Ignoring the pang in her midsection—under wildly different circumstances, could she have been a real mother to this girl?—Pam chose her words carefully. “In a perfect world, sure. But in reality, maybe it's better sometimes not to have a mom than to have one who's terrible.” Images of Mae flashed through Pam's mind. It was occasionally difficult to remember what the woman had looked like smiling, but it was second nature to envision her raging drunkenly about how Pam had ruined her life.

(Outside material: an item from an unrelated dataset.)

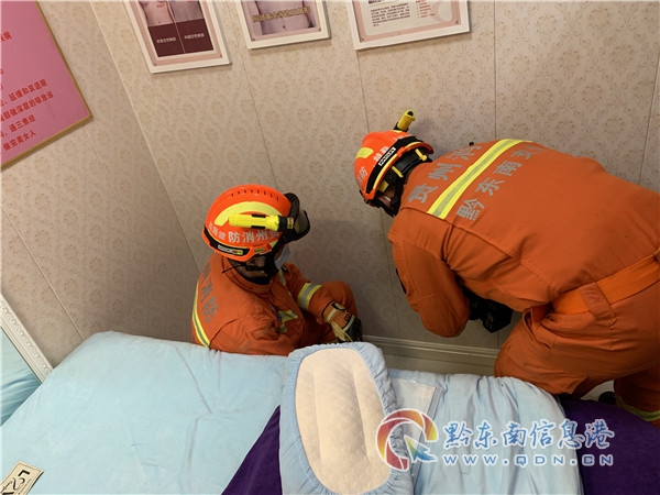 很快,救援人員經現場觀察,伴隨著“喵喵聲”定下了救援方案。在征得店主同意后,救援人員利用破拆工具組對墻體進行破拆,同時,還不忘安撫“小家伙的情緒”。僅僅不到三分鐘,救援人員成功在隔墻上“捅了個簍子”,透過一絲微光,看到了一雙無助的眼神,像極了闖禍的孩子一般。正當救援人員小心翼翼地伸手救援時,“小家伙”卻害怕的躲了起來,無論怎么哄都不出來。“小家伙快出來,我是來救你的,別怕!”見小貓一直躲著怎么都夠不著,僵持了一會兒的救援人員有點焦急,竟和小貓說起了話。

Faith straightened, her face alert and anxious. “Were you a terrible mom?”

I was going to be.
“Oh, there's your dad.”

Faith craned her neck, looking back toward the door. She heaved a sigh, clearly not sharing Pam's ambivalence that their visit was over. “Goodbye.”

Rather surprised by the lump in her throat and how hard it was to get out a farewell, Pam nodded in response. By the time Nick reached the table, she was able to add, “Take care of yourself. And listen to your father.”

Faith crossed her eyes and made a face.

“Hey!” Nick reached out to playfully tap his daughter on the shoulder. “What happened to respecting your seniors?”

“Sorry.” Faith giggled, clearly not.

“You ready to go?” he prompted.

Obediently she stood, but then threw one last imploring glance at Pam. “Maybe I can see you again?”